Mac 'n Cheese

Ok, maybe 'healthy' is overselling it a little, but at least this version contains nearly all the food groups and definitely has more veggies than the average. I like to tell myself that makes a difference.

Macaroni - with its fair share of cheese - has been in my family as far back as I can remember, but my mother knows better. She first made it as a student, when pasta was far from common at Dutch dinner tables. The instructions told her to prepare each of the ingredients, one by one. She followed them to the letter and served them all separately. 

healthy mac 'n cheese

Luckily for us, her macaroni has come a way since then. When I left home, I took my mother's recipe with me and added a touch of my own here and there. The current version is a comfort food I'm happy to make in over-sized quantities and eat as leftovers for days.


Ingredients (serves 2 with leftovers):
1.5 cups macaroni 
1 red bell pepper
1 green bell pepper
1/2 leek
2 medium-size onions
150g ham (I used York ham)
1.5 tbsp sweet Indonesian soy sauce (like ABC sauce)
4 tbsp ketchup
1 tbsp basil
1 tbsp oregano
salt to taste
* cheese to top (as much as you like!): when it comes to cheese, my philosophy is usually: the more, the better. No harm in mixing it up, either. In Mexico, I used manchego, which is soft of flavour andmelts nicely, together with parmesan. In the Netherlands, manchego is hard to come by so I went for gouda, which I had in my fridge. Crumbling some mozarella over it would also have worked well.


Instructions:

1. Preheat the oven to 200 degrees Celsius (nearly 400 degrees Fahrenheit).

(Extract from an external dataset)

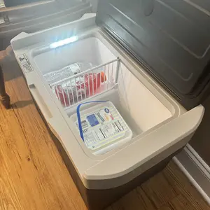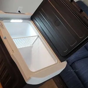 ·【Multi-partition Design & Insulation Shell】 The 12v refrigerator is equipped with detachable partition, and there has card slot, which can choose the partition position according to the different food stored, convenient to classify and take food, making the journey more pleasant and easy. The built-in LED light design makes it easy to reach things at night. The car fridge has a 45mm thick foam layer, which can provide the required insulation effect. At the same time, the shell is made of composite insulation material, which has a better insulation effect while wearing well. If you need to store more food, we recommend that you pre-cool the refrigerator before your trip.
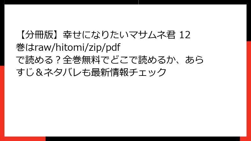 【分冊版】幸せになりたいマサムネ君 12巻はraw/hitomi/zip/pdfで読める?全巻無料でどこで読めるか、あらすじ&ネタバレも最新情報チェック

2. Chop the onion and bell pepper into cubes.


3. Place onion in a pan with olive oil and sautée until glazed, then add paprika and leek and sautée for a few minutes more (if you overdo it with the bell pepper, it loses its crunch. Fresher = better).


4. In the meantime, boil the macaroni in a separate pan, for timing see the instructions on your packet.


5. When the macaroni is done, drain and toss in with the onion, pepper and leek. Add the sweet Indonesian soy sauce, ketchup, basil, oregano and salt. (Up until this step, you can do it all in advance - the day before even, it keeps fine in the fridge)


6. Transfer to an oven dish and cover with cheese - you can place layer on top of layer, then sprinkle parmesan over the top. Leave it in the oven for 15-20 minutes until it is hot inside and the cheese layer has meltened and browned a little. Serve hot, with your bottle of ketchup on the table.